We investigated the effects of Ti₃C₂T_x-doped PEDOT:PSS HTLs in PSCs (device configuration ITO/MXene:PEDOT:PSS/MAPbI₃/PC₆₁BM/BCP/Ag) (Figure 4a). The SEM cross-sectional image of the device is shown in Figure S8. The current density–voltage (J–V) curves under 1-sun illumination conditions (i.e., light intensity of 100 mW/cm², AM 1.5G) are shown in Figure 4b. The PSCs with PEDOT:PSS as the HTL showed lower J_sc and V_oc than those employing Ti₃C₂T_x-doped PEDOT:PSS HTLs. A possible reason for the lower PCE in the case of a pure PEDOT:PSS HTL is its inferior hydrophilicity and poor hole-extraction efficiency. The highest PCE was recorded for the 0.03 wt.% Ti₃C₂T_x-doped PEDOT:PSS HTL. A further increase in the concentration of Ti₃C₂T_x to 0.05 wt.% lowered the J_sc and V_oc compared to the 0.03 wt.% doping concentration (

Table 5. Photovoltaic performance parameters of PSCs employing pristine PEDOT:PSS and different doping amounts of Ti₃C₂T_x -doped PEDOT:PSS as HTLs.

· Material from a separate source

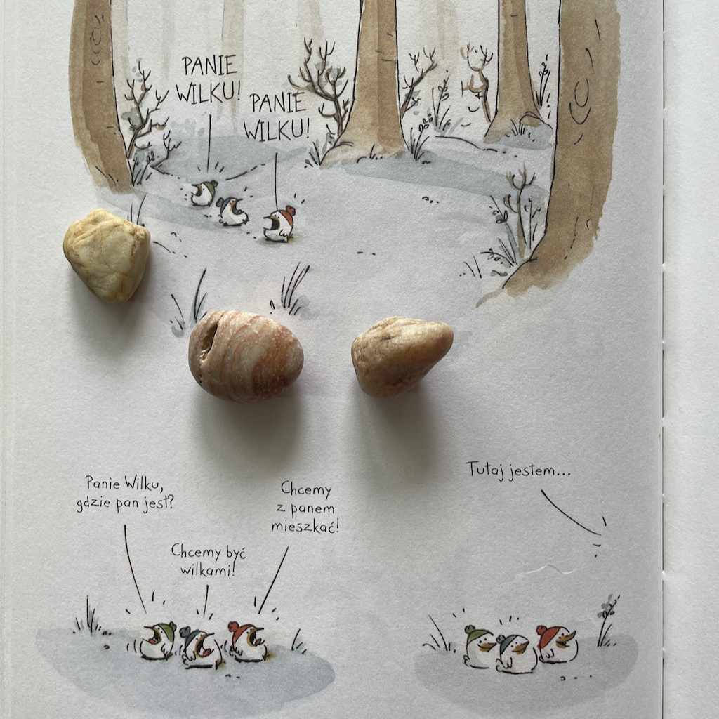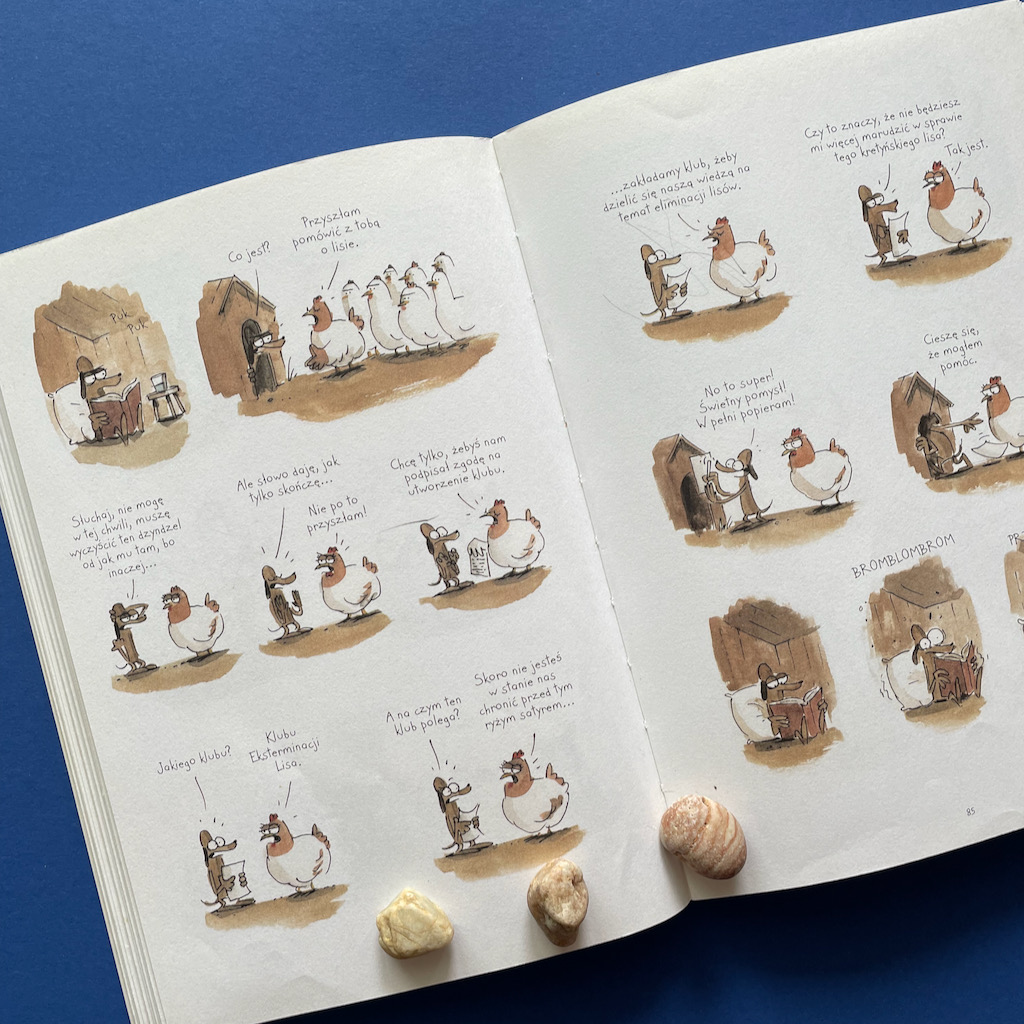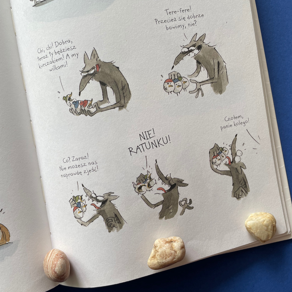 Podczas nauki Lis zdobywa trzy kurze jajka. Jajkami nie naje się jednak ani Lis, ani Wilk, więc trzeba je wysiedzieć, aby sobie ten obiad wyhodować. Tylko co się dzieje, gdy już się te jaja wysiaduje? Jak reagują kurczaki zaraz po wylęgnięciu? No tego to już wam zdradzać nie chcę, ale możecie być pewni, że to początek rewolucji w życiu Lisa. Zmian, które nadciągają, mimo że się ich nie spodziewał.

Dopant Concentration	VoC (V)	Jsc (mA/cm2)	FF (%)	PCE (%) Reverse Scan	PCE (%) Forward Scan
0 wt.%	1.00 ± 0.01	18.01 ± 01	68.6 ± 04	12.5 ± 0.3	12.0 ± 0.2
0.03 wt.%	1.07 ± 0.01	19.02 ± 0.5	76.5 ± 03	15.1 ± 0.4	15.0 ± 0.3
0.05 wt.%	1.02 ± 0.01	18.70 ± 0.5	76.3 ± 04	14.5 ± 0.4	14.3 ± 0.4

). This decrease in PCE when increasing the concentration of Ti₃C₂T_x in PEDOT:PSS was attributed to an increase in surface roughness and the non-homogenous HTL layer (Figure S5). These data show that the 0.03 wt.% Ti₃C₂T_x doping led to a substantial improvement in the overall performance of the PSC.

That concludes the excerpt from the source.